You’re doing these incredibly difficult things, but it boils down to “mash these buttons.”  You feel like a God because hell, you’re destroying the city block, but none of it is difficult once you master the control scheme.  I got through the game in less than a week, playing part-time.  Which is pretty much the same as God of War, wherein you perpetrate legendary violence through a series of Simon Says events, and Mass Effect and Dragon Age wherein you can destroy entire caverns full of mooks right off the bat, or Grand Theft Auto.
Videogames have made power fantasies trivial.  Here!  Do this quicktime event to DESTROY THE UNIVERSE!  You pressed X, then Y, then A?  You, sir, are a badass.
Which is interesting, because the worlds of my old videogames were designed to kill you quickly, so the next quarter could be inserted.  Their whole profit margin involved shuffling you to that “GAME OVER” screen as soon as possible.
When I was a kid, the world was designed to show you how insignificant you were.  You weren’t the center of a universe that was waiting hand-and-foot for you to come along and rescue them; you were a small, pizza-shaped wedge beset by four ghosts, any of whom could kill you by touching you.  You were a spaceship at the bottom of a screen, harangued by hundreds of flying, shooting enemies.  You were a small spaceship struggling to survive in a deadly asteroid field.  You died easily, trivially, unfairly.
Your only way to survive was to become legend.
There was no easy way to do this, aside from applying hard-earned skill.  You plunked quarters into the damn machine until you figured out the patterns, honed your reflexes, slid into the game’s rhythm.  Bit by bit, you lasted longer: two minutes. Five.  Ten.  If you were exceptionally good you might last fifteen, at which point other pasty nerds would edge forward to watch you, knowing they were seeing something that few got to witness.  Sometimes you’d show them screens that had only existed in rumor before.
There was no in-game reward, and little out-of-game reward, as videogames weren’t particularly cool then.  But the right people would know that you had that high score, your three letters your call sign (“WTS” for me early on, “WZL” now), the unremarkable skill.
There were no faux-skills to be built up.  You had to learn a real skill – perhaps one that wasn’t usable anywhere anywhere else, but one that set you apart from other people.  You didn’t pretend to be a badass soldier – you became a badass player, and that in turn gave you a strange and ephemeral confidence.  You’d watch the novices play and realize how far you’d come.  You’d put the quarter in and feel invincible.
Thing is, I spent maybe fourteen hours devastating New York in Prototype 2.  I tore the heads of goliaths, I firebombed secret bunkers, I fought the US Army and the mercenary forces of watches to a standstill, then defeated Alex Mercer in an epic rooftop battle.

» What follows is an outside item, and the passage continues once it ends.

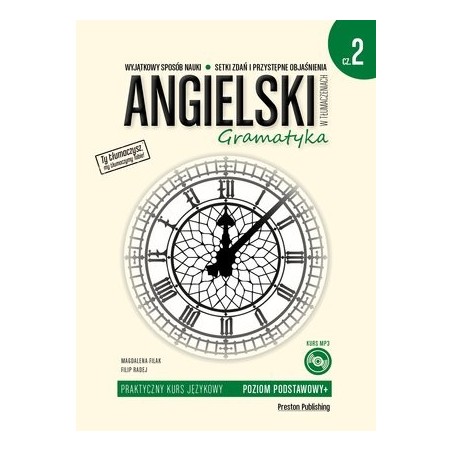 Druga część praktycznego kursu, który łączy w sobie ćwiczenie umiejętności mówienia z nauką zagadnień gramatycznych. Zawiera klarowne objaśnienia oraz ponad 1200 zdań i niezbędnych wyrażeń na poziomie podstawowym plus (A2) wraz z odpowiedziami. Mogą z niej również korzystać ci, którzy są już na wyższym poziomie i chcą powtórzyć podstawowe zagadnienia gramatyczne.

Yet none of that meant one-tenth as much to me as my legendary Ms. Pac-Man run, where I spent two agonizing hours racking up a personal best score with my Dad and wife at my side cheering me on.  Because in one game, all of my prowess was granted to me by a developer who wanted me to feel good about myself.  In another, I had painstakingly built up an arsenal of skills over the years, stealing prowess from a developer who wanted me to die, die, and die now.
The design has changed.  And I wonder how that affects people today.